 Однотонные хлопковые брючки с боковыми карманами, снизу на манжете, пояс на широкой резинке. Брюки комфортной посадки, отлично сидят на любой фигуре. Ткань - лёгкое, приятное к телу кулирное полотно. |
- - -
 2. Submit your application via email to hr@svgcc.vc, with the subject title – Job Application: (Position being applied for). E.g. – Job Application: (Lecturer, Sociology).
- - -
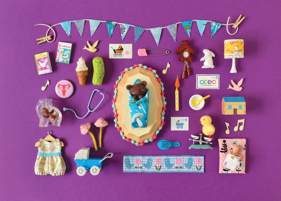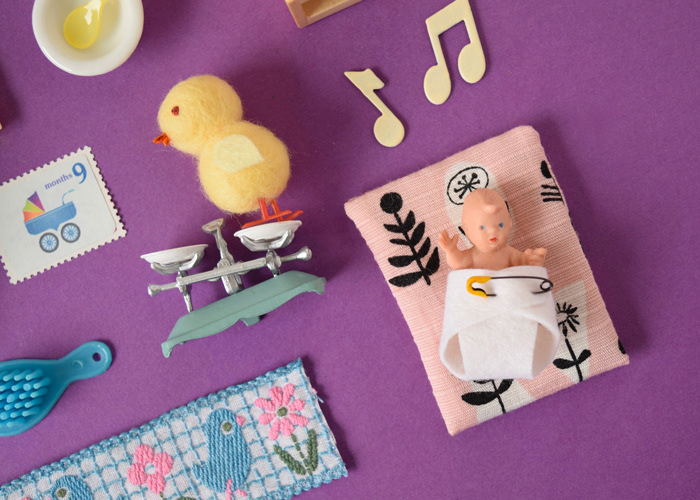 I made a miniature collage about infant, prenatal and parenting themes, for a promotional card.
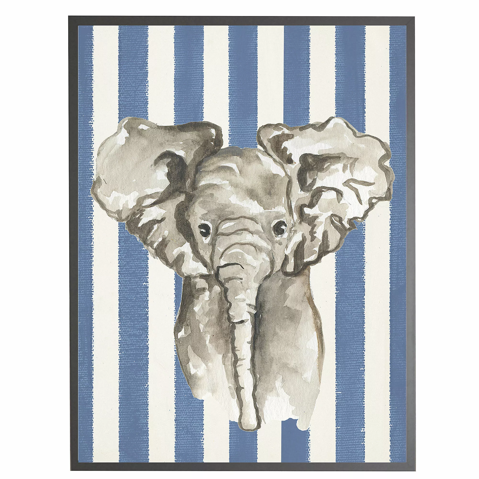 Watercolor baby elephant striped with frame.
- - -
Using the data above, retype exactly the lines from the line with "I made a miniature" to the line with "Watercolor baby elephant striped with frame.", inclusive. No pictures and nothing else.

 I made a miniature collage about infant, prenatal and parenting themes, for a promotional card.
 Watercolor baby elephant striped with frame.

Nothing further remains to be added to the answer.